You read about new threats every day. New malware are being discovered, new exploits are being developed and your security is constantly under attack. Sometimes it does seem futile, but there is one key factor to consider if you are going to stay safe or not. That key factor is your users as they can be your best friend or your worst enemy from a security perspective.
As attacks become more and more advanced, your technical security solutions will not be able to keep up. Hackers are almost every time at least once and probably a few steps ahead of you, no matter how hard you try to stay current. So, by showing your users how to stay safe, you can probably shift the outcome of the battle a bit. This is because a lot of the attacks today involve user interaction, they need the user to do something. Whether it is clicking a link or plugging in a USB stick they found in the parking lot, their action might make all the difference. If your users see a stranger lurking around, do they care or not? Do they care if a person tailgates? Do they know not to assume that all emails come with good intentions? Do they pick up that USB stick and plug it in or not? Do they act without thinking because they trust all that security technology that you as the security administrator has implemented? If they do, then you have missed something, that being to train your users to remain vigilant.

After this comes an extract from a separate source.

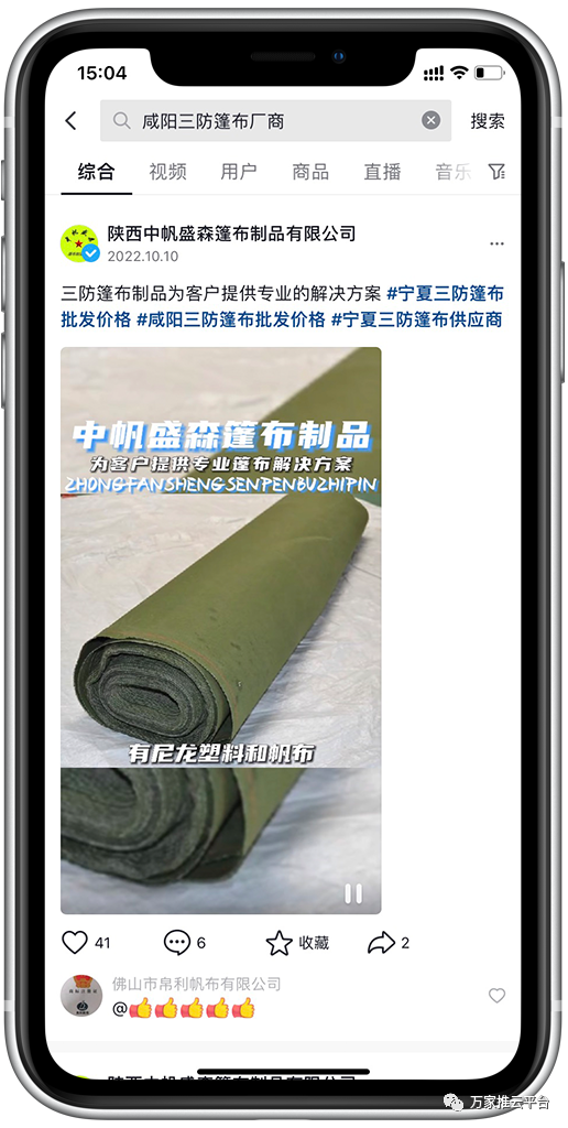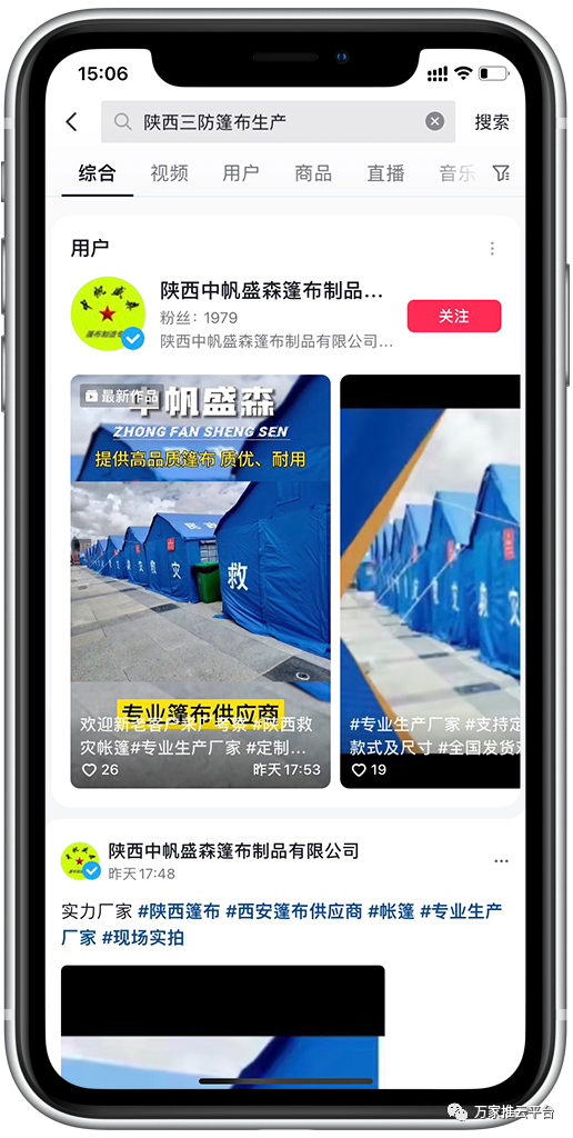 >>>視頻:策劃剪輯發布多條視頻,咸陽三防篷布廠商、陜西三防篷布生產等關鍵詞均在抖音搜索前列展現。

It does not really matter what kind of company or organization you work for, security awareness training is important. The only problem is that most security awareness training I have witnessed is plain stupid and misleading, even trying to strike a bit of fear into users if they do something wrong. The last bit really annoyed me, as you need your users to trust you, not fear you. It is OK do do something wrong, but I want them to come forward with it. Then you have a chance to correct it, otherwise you are in the dark.
Security awareness training is something that I think should be taught live, not using elearning where users simply read a slide and answer a question, then another slide and another question. It does not provide the kind of feedback as a live meeting with an ongoing discussion can provide. Also, when listening to and interacting with a person one can really see users reactions to different statements and discussed topics. Provide examples and perhaps demonstrate a hacking tool or two just to let them see how it is done in the real world. In my opinion, nothing beats a live show, and I think we can all agree that security awareness is very much needed, so why not aim to make security awareness training an awesome event. I know I intend do.